La consécration juridique et l'encadrement
institutionnel de la coopération décentralisée au
Bénin, ont été conduits suivant les mêmes
procédés à la différence que le travail lié
à la conceptualisation n'a pas été abordé par le
Bénin. Le pays a incorporé ce terme dans son droit et son
vocabulaire.
Tout comme la France, la Constitution béninoise du 11
Décembre 1990 ayant mis en exergue le retour à la
démocratie, a consacré son titre X aux collectivités
territoriales. L'article 151 de cette constitution dispose comme la France
que : « Les collectivités territoriales
s'administrent librement par des conseils élus et dans les conditions
prévues par la loi ». L'article 153 de la constitution dispose
que « L'État veille au développement harmonieux de
toutes les collectivités territoriales sur la base de la
solidarité nationale, des potentialités régionales et de
l'équilibre inter-régional ».
Mais ce sont les cinq lois de la décentralisation qui
constitueront le support juridique de la coopération
décentralisée au Bénin.

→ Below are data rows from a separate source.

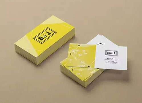(2)不對(duì)稱軸線形。名片的主題、標(biāo)志、輔助說明文案都排在一條實(shí)際或象片的縱線的一邊。習(xí)慣上把主題、標(biāo)志、輔助說明文案排在軸線的右邊,一律向左看齊,也可以反過來向右看齊。
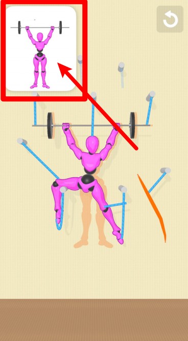 2.举重动作:参考左上角的目标动作图,调整玩偶手臂与身体的位置,通过精准剪切让角色还原举重的标准姿势。
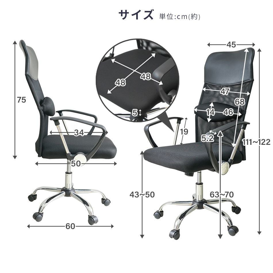 本体サイズ(約):幅63×奥行60×高さ111〜122cm(座面高43〜50cm)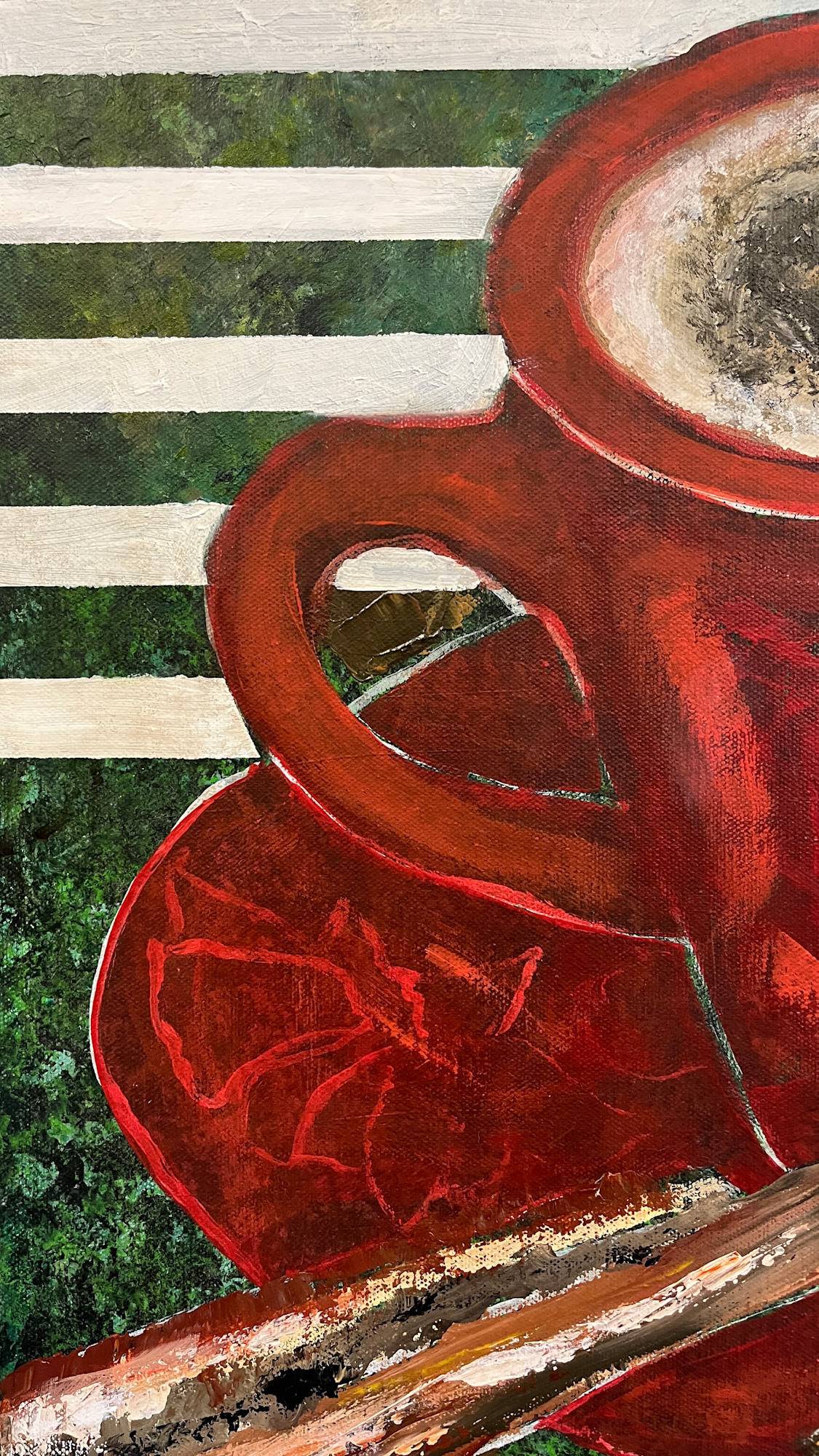 Stil: abstrakt-expressiv mit figurativen Elementen.
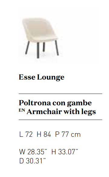 В дополнение к серии кресел семейства Esse, созданных по тому же вдохновляющему проекту, теперь у нас есть и Esse Lounge: кресло с еще более мягкой и обволакивающей спинкой. Формованное сиденье, как и основание, можно обить тканью, кожей или искусственной кожей, выбрав любой вариант из ассортимента Pianca. С другой стороны, модель на ножках может быть изготовлена из массива черного ореха или ясеня. Широкая, привлекательная форма сиденья придает креслу ощущение уюта и защищенности. По сравнению со своими “сестрами”, Esse Lounge отличается более широкими пропорциями, что говорит о непринужденной обстановке, в большей степени ориентированной на расслабляющий отдых.

Deux de ces cinq lois concernent
essentiellement la coopération décentralisée. Il s'agit
des lois N° 97-029 et N° 98-007 du 15 Janvier 1999, portant
respectivement organisation des communes en République du Bénin
et régime financier des Communes en Républiques du
Bénin ; qui traduisent les principes fondamentaux de la
décentralisation et par ricochet de la coopération
décentralisée. L'un de ces principes affirme que la
coopération décentralisée doit s'organiser dans le strict
respect de la souveraineté de l'État. L'État soutient la
coopération décentralisée mais veut en assurer le
contrôle juridique par la simple information au ministère de
tutelle. Juridiquement, au Bénin la coopération
décentralisée doit se conformer au principe du respect des
engagements de l'État, de la nécessité de son
intérêt pour le développement de la collectivité
concernée et pour la population et enfin d'un intérêt
commun pour les partenaires.
Sur le plan institutionnel, il a été crée
un Ministère de la Décentralisée et des
collectivités locales et une Commission Nationale de la
Coopération Décentralisée qui doit jouer les mêmes
rôles que la commission Française. À l'instar de la
France, la République du Bénin consacre politiquement et
juridiquement la coopération décentralisée dans son droit
et l'institutionnalise avec la création de structures au service de son
développement. Ces structures sont entre autres le Ministère des
Affaires Étrangères, de l'Intégration Africaine, de la
Francophonie et des Béninois de l'Extérieur, du Ministère
de la décentralisation, des collectivités locales et de
l'aménagement du territoire, la Commission Nationale de la
Coopération Décentralisée et de la Mission des
collectivités locales. Toutes ces structures ont en charge les questions
de coopération décentralisée. La coopération
décentralisée au-delà de sa consécration juridique
et de son institutionnalisation dans les environnements politiques
français et béninois revêt un important enjeu pour les
collectivités engagées dans un partenariat. C'est ce que nous
tenterons d'analyser dans la deuxième section de ce chapitre.